3. Results and Discussion

3.1. International Experience in Syndromic Surveillance Implementation

Syndromic Surveillance Based on Emergency Department and Hospital Data

Addressing the deficiencies in conventional notifiable-disease systems requires a clearly delineated multi-channel framework that simultaneously employs clinical, laboratory, administrative, and unconventional data sources5. The conceptual basis for this technique was established shortly after the September 11, 2001, attacks, when U.S. public health organisations investigated the potential of near-real-time logs from emergency department admissions as an early-warning indicator for significant bioterrorism incidents. The discussions—ultimately formalised in systems like BioSense and ESSENCE—revealed that passive, clinician-initiated reporting is inherently less informative than the ongoing electronic collection and automated analysis of comprehensive ED registries[23,24]. Selective submission may exclude clinically mild or unusual symptoms, thereby create systematic gaps and obscuring the true onset of an outbreak.
The latency inherent in conventional case-notification processes is equally concerning; individual records must initially meet case-definition criteria, followed by validation, transmission, and manual curation before aggregate analysis can commence. This administrative delay, frequently quantified in days, diminishes the temporal resolution required for swift intervention and ultimately compromises confidence in the resultant situational assessment[25].
In 2002, the experience of multiple healthcare facilities in the USA validated a model that categorises complaints or illnesses based on ICD-9 codes, so confirming the benefits of syndromic surveillance. Espino’s study indicated that the screening sensitivity was 44% and the specificity was 97%, with the analysis of reported complaints (diagnosed before confirmed diagnosis) demonstrating the highest significance relative to the clinical diagnosis[26]. The methods of processing pre-diagnostic data based on symptoms, without pre-diagnostic coding, exhibited contrasting results. At a specificity threshold of 93%, the sensitivity of pre-diagnostic data compared to the confirmed diagnosis was 2 to 3% lower [27]. Nonetheless, the integration of the two models is characterised by enhanced accuracy[27]. Data availability for specific diseases associated with highly specific disease manifestations shapes to a great extent findings related to efficiency of syndromic surveillance. Highly generic symptoms as those reported for acute respiratory infections are expected to score high on sensitivity but low on the specificity scale[28] while specific symptoms and exposure history relevant to some syndromes such as gastroenteritis were pointed to lead to immediate diagnostic implications[29]. An explanation for the inaccuracies associated with symptom assessment is provided by the findings of Roberts’ research team, which indicate that the same disease may present with varying symptoms among different patients. Expanding the definitions, as proposed by the implementation of operational ICDs, may address the identified issue[30].

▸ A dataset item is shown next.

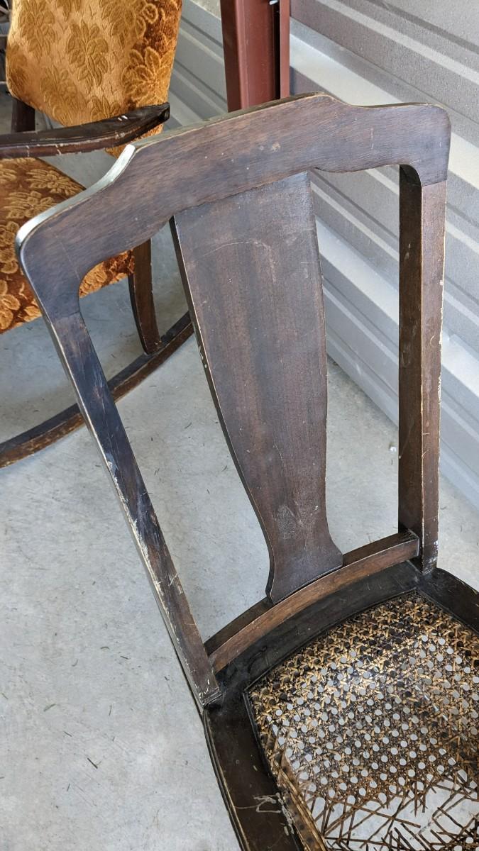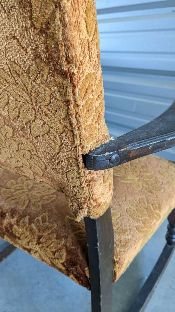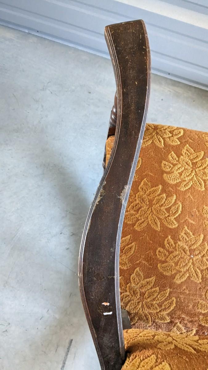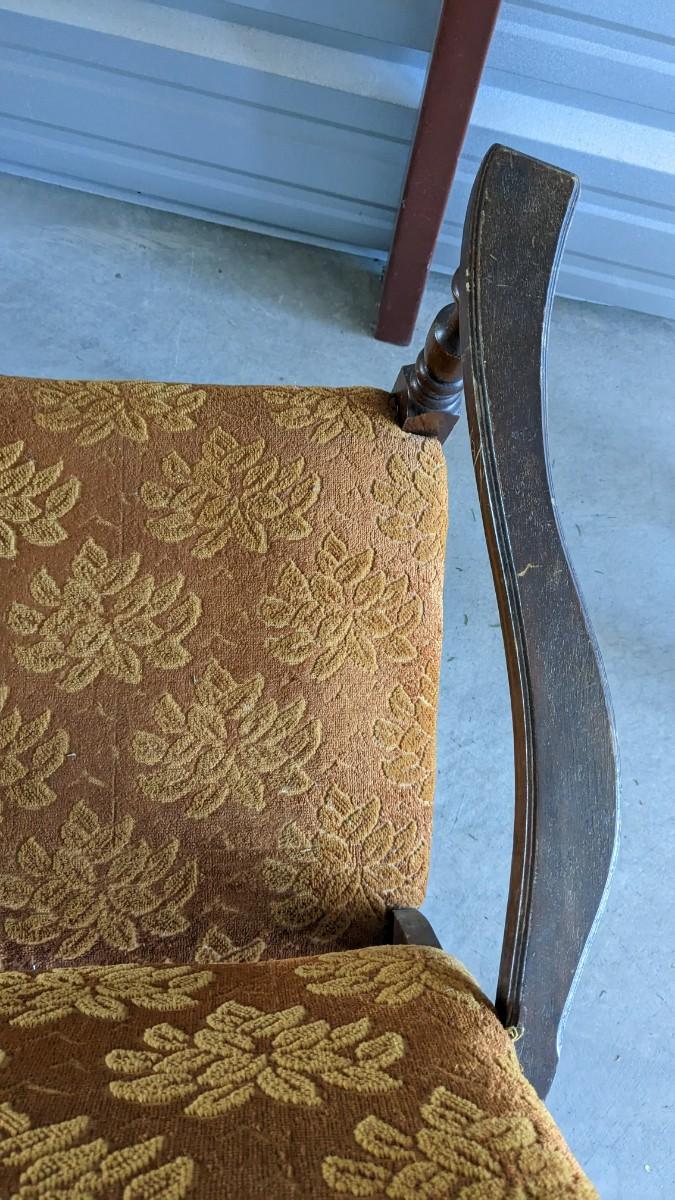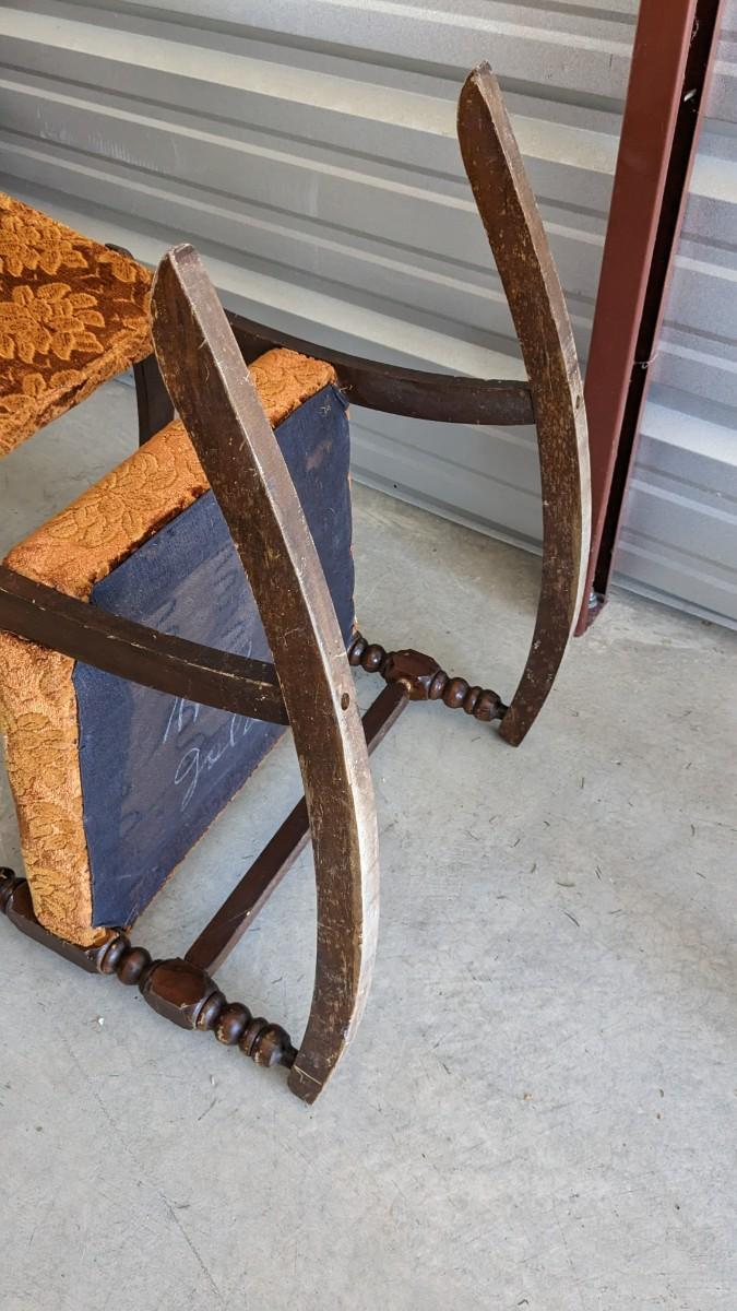 paper tag partially intact Haywood rocking chair, feet measure 29.5" long, seat is 16"x16", 15.25" off the ground, 33.25" tall. Multiple areas of wear found note in photos. Includes 24"x18.5"x 30.5" vintage upholstered petite wide rocker, seat sits 17" off ground with 31.25" feet, upholstery in excellent condition but a bit dusty with various wear showing to the wood. No shipping. 2616

3.2. Syndromic Surveillance – Basic Indicators, Approaches and Utility

Contemporary medical practice aspires to accuracy indicating one or multiple work diagnoses during a single visit. The majority of reports on syndromic surveillance supply data on ICD-9 code, work diagnosis, free-text symptoms, sex, patient residence, and visit location, while all report an ICD-9 clinical diagnosis, along with age and visit time[31,32]. The reviewed literature evaluates the data analysis in relation to the potential for early detection of national security threats stemming from the intentional deployment of biological agents.
In the 2002 Winter Olympic Games in Utah, a comparable system was implemented, wherein the patient numbers from prior periods were analysed against those registered for the corresponding current period. Values surpassing the 95% confidence interval were deemed indicative of concern to mitigate false alarms[25,33]. Practical experience confirms thresholds may be modified based on a prior risk assessment[34] resulting in tailored risk-based surveillance models allowing for resource allocation according to emergency needs[35]. Various syndromic surveillance systems employ distinct methodologies for syndrome partitioning based on their research [25,36,37,38]. The age of the patients is a significant variable to consider. Changes in disease demographics may indicate the emergence of a new infection, as evidenced by the study conducted in Syria during the COVID-19 pandemic[39].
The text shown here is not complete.